I agree with much of this. Buying used CF frame/ fork is a risk. Used frame/ fork/ wheelset, more of a risk. 

Cost of upgrades isn't generally retrievable, so the seller can laugh at the price offered, but I doubt there's a line waiting to pay it. 

Re: the wheelset, below is a link to reviews... generally positive, but not all. If you do opt to buy the bike, be careful to use the upgraded OEM pads mentioned in the reviews. 

https://www.competitivecyclist.com/mercury-wheels-m5-clincher-wheelset#review-atg635320

Lastly, getting your sizing requirements met is a biggie in the bike world. Get this wrong and the bike will never fit well and won't be a great deal, no matter the price paid. 

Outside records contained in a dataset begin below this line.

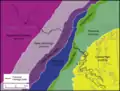 خريطة توضح الأقاليم الجيولوجية الخمس التي يتدفق من خلالها نهر بوتوماك[9]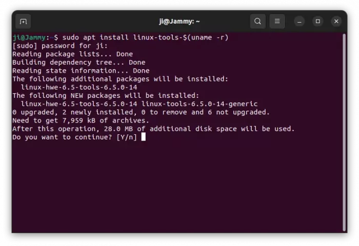 1. First, open terminal (Ctrl+Alt+T) and run command to install the tool for current Linux Kernel.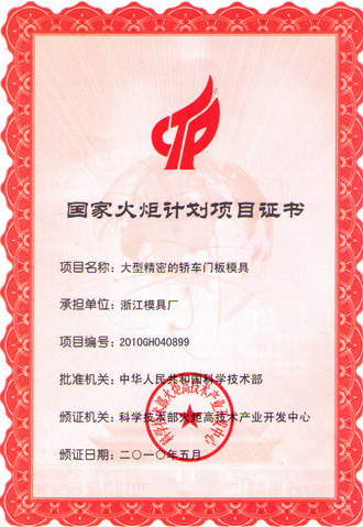 国家火炬计划项目证书“大型精密的轿车门板模具”

My best advice is to (roughly) half your budget and buy new from a reputable LBS. Lots of very nice bikes offered in the $1,200 price range. And with it you get sizing/ fit assistance and a warranty. Maybe less bling, but a better bet, IMHO.


----------



## jetdog9 (Jul 12, 2007)

$1400-$1900 can get you a lot of new bike, way past entry level, if you keep your eyes open for sales. Honestly you should be able to find a 105/Ultegra mix in that price range, in some cases full on Ultegra although probably on an alloy frame.

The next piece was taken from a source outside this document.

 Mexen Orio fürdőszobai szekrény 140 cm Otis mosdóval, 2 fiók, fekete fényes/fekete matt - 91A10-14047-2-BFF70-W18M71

But if that alloy frame is say a CAAD12 or Allez, you are not really missing out on the whole carbon thing...


----------



## Tachycardic (Mar 31, 2013)

I think PBL450's views are common here. Buying used carbon is a risk that many here won't take. Does carbon crack easily? If it was a simple yes or no answer, then either no one would be buying used carbon or everyone would. So the answer is, it depends. Take a stem and crank down on the bolts too much and a CF steerer will crack using a simple hex wrench. CF wheels are designed to take the stresses of tensioned spokes; if there is a crack, either it was a manufacturing defect, the wheel builder messed up somewhere, or they were ridden hard--really hard.

And in that lies the problem. Was the bike abused? Was it crashed? Regardless of how the bike is presented, the greatest risk is the unknown. Yes, you have to be going into the deal hoping for the best, but you would be foolish not to expect the worst. If the bike fits and you get years of reliable enjoyment out of it then great! If something fails and you feel like you're been shystered, well, take it as a lesson in life. 

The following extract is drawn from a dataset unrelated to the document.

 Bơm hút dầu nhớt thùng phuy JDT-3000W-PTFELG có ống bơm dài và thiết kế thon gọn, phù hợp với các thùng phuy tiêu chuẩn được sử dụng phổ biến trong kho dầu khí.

Counter with $1800. Caveat emptor.


----------



## Piconner (Mar 7, 2017)

jetdog9 said:


> $1400-$1900 can get you a lot of new bike, way past entry level, if you keep your eyes open for sales. Honestly you should be able to find a 105/Ultegra mix in that price range, in some cases full on Ultegra although probably on an alloy frame.
> 
> But if that alloy frame is say a CAAD12 or Allez, you are not really missing out on the whole carbon thing...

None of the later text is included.